The Grade 1 race was won Kopek Des Bordes, whose jockey Paul Townend and trainer Willie Mullins were two of the many racing professionals, who paid tribute to Michael during the week - particularly on Wednesday, when the two horses he partnered to victory at the 2023 Festival, Marine Nationale and Jazzy Matty, won again.

Also on Wednesday, the Glenfarclas Cross County Chase was won by the Gavin Cromwell-trained, Keith Donoghue-ridden Stumptown.

In November, Noel Mullins reported from the opening meet of the Fingal Harriers and photographed Gavin, on foot, with his sons, Jake and Cameron. When asked after Wednesday’s race by Alice Fox-Pitt what makes the cross-country course such a specialist track for him, Keith replied: “I grew up hunting with the Ward Union and it all comes back to that.”

While we have covered wins here in the past for former show jumpers like Danny Mullins and eventers such as Joseph O’Brien, who were on the mark again this year, there was a first win at the Festival on Wednesday for another from the show jumping ranks, Jody Townend. A well-known performer over the coloured poles with One Lucky Strike, Jody won the Grade 1 Weatherbys Champion Bumper on the five-year-old mare Bambino Fever, trained by that man Willie Mullins.

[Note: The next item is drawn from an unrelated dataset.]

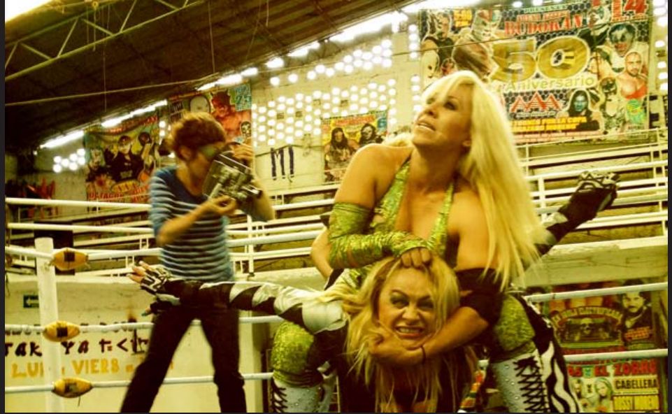
↑ Bim, Bam, Boom, Las Luchas Morenas
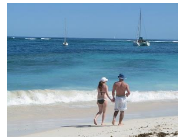
Orient Beach, St Martin

Allure of the Seas will dock on the St Maarten side of this half Dutch, Philipsburgh offers great shopping and a beachfront boardwalk leisurely strolls and people watching. Or, head to Marigot on the French for a meal, to ogle jetsetter yachts, or a walk to historic Fort Saint-Louis for a great view.

Having missed a lot of winning rides through injury earlier in the season, it was great to see former show jumper, eventer, show pony rider, etc, Rachael Blackmore recorded a double for Henry de Bromhead on the Thursday with Air Of Entitlement in the Ryanair Mares’ Novices’ Hurdle (Grade 2) and on Bob Olinger in the Paddy Power Stayers’ Hurdle (Grade 1).

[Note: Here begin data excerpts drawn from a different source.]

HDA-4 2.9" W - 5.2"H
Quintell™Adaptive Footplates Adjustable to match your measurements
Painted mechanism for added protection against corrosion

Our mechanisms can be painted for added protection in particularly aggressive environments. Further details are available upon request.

The Boodles Cheltenham Gold Cup (Grade 1) winner Inothewayurthinkin, trained by Gavin Cromwell for J.P. McManus and ridden by Mark Walsh, led an Irish whitewash on Friday, as the Festival came to a close. There was a hat trick of sorts for one man involved in both showing and racing, John Roche, as the Presenting gelding he bred, Its On The Line, finished second for the third year running in the St James’s Place Festival Challenge Cup Open Hunters’ Chase.

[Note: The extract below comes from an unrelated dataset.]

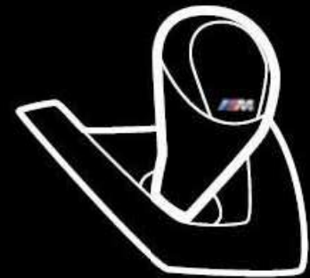
M specific gearshift lever
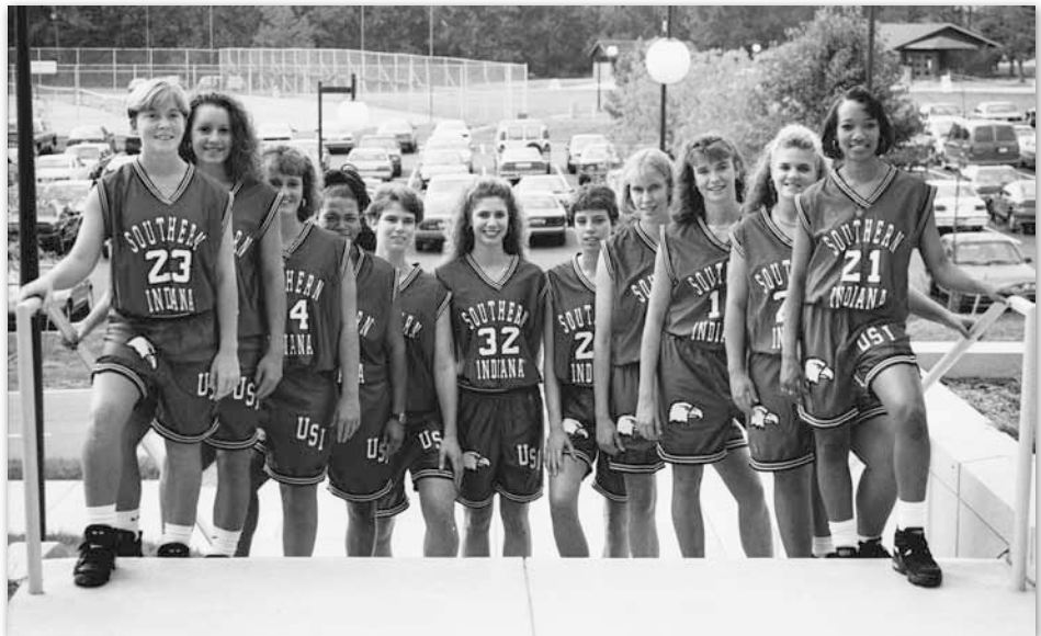
The University of Southern Indiana women's basketball team went 22-7 in 1995-96 as it qualified for the NCAA II Tournament for the second consecutive year. The Screaming Eagles went 16-4 in the GLVC, finishing in a tie for third in the league standings.

All week, former Irish-trained point-to-point horses visited the winner’s enclosure, among them the very impressive Willie Mullins-trained Fact To File who, in the colours of J.P. Manus and in the hands of Mark Walsh, landed Thursday’s Ryanair Chase (Grade 1). The French-bred gelding won a five-year-old geldings’ maiden at Bellharbour in February 2022 on his only start for Donnchadh Doyle.